Closed david-waterworth closed 3 months ago
Hi @david-waterworth, generally agree that we have too many dependencies.
@helpmefindaname did an analysis of all dependencies and identified a core set of dependencies plus optional ones, also wanting to get rid of gensim. He proposed a solution essentially exactly like you, e.g. using something like pip install flair[gensim]
to install bigger libraries.
My main problem is that gensim is used in some of our main taggers (for instance 'ner') and then this starter example would not work anymore: https://flairnlp.github.io/docs/intro#requirements-and-installation (installation plus example 1).
The example appears to work for me without using gensim features? My assumption is gensim is used by the WordEmbeddings
class in flair/embeddings/token.py
(specifically gensim.models.KeyedVectors
to load word2vec serialized files).

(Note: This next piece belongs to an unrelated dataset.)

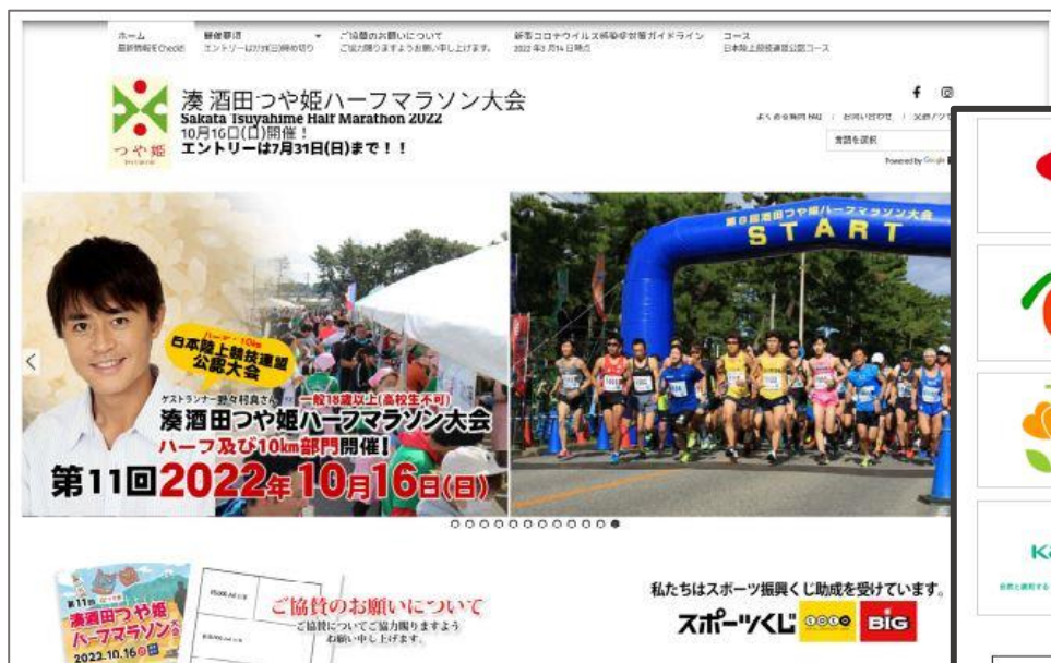
※第11回大会ホームページより抜粋

My testing was a bit ad-hoc though so I could very well have missed something.
But tagger = Classifier.load('ner')
appears to load a serialised pytorch state dict so (based on stepping through the code and putting breakpoints on lines that appear to use gensim) it seemed two work.
PS as an aside a transformer encoder fined tuned on my corpus using FLERT works extremely well!
I had the same error with gradio, I downgraded the versionn of gradio but still it was using urllib >= 2.0
.
The conflict is caused by:
gradio 4.37.2 depends on urllib3~=2.0
flair 0.13.1 depends on urllib3<2.0.0 and >=1.0.0
At the end my solution was this:
pip install --use-deprecated=legacy-resolver -r requirements.txt
But it's deprecated and soon pip can remove this feature without notifying it and I'm not sure how can I install both of them together.
@helpmefindaname I don't think those issues are really problems that should be fixed this way - my understanding of the issue is for packages that don't include a manifest as a separate file, poetry has to download and extract the wheel, and it does it once only and for many packages (unless you clear the cache), not just urllib. It's annoying the first time but users could always pin urllib3 in their project. From memory the main issue is boto3 doesn't support the manifest format and there's tons of different wheels which initially triggered poetry to download every boto3 wheel to check dependencies when urllib3 > 2.0.0 was released.
Problem statement
flair requires
urllib3<2.0.0
which is quite old (latest is 2.2, the 2.0 alpha was released in late 2022)https://github.com/flairNLP/flair/blob/59bd7053a1a73da03293b0bdb68113cf383d6b9e/requirements.txt#L26C1-L26C75
I have other dependencies that require urllib3 >= 2.0 (i.e.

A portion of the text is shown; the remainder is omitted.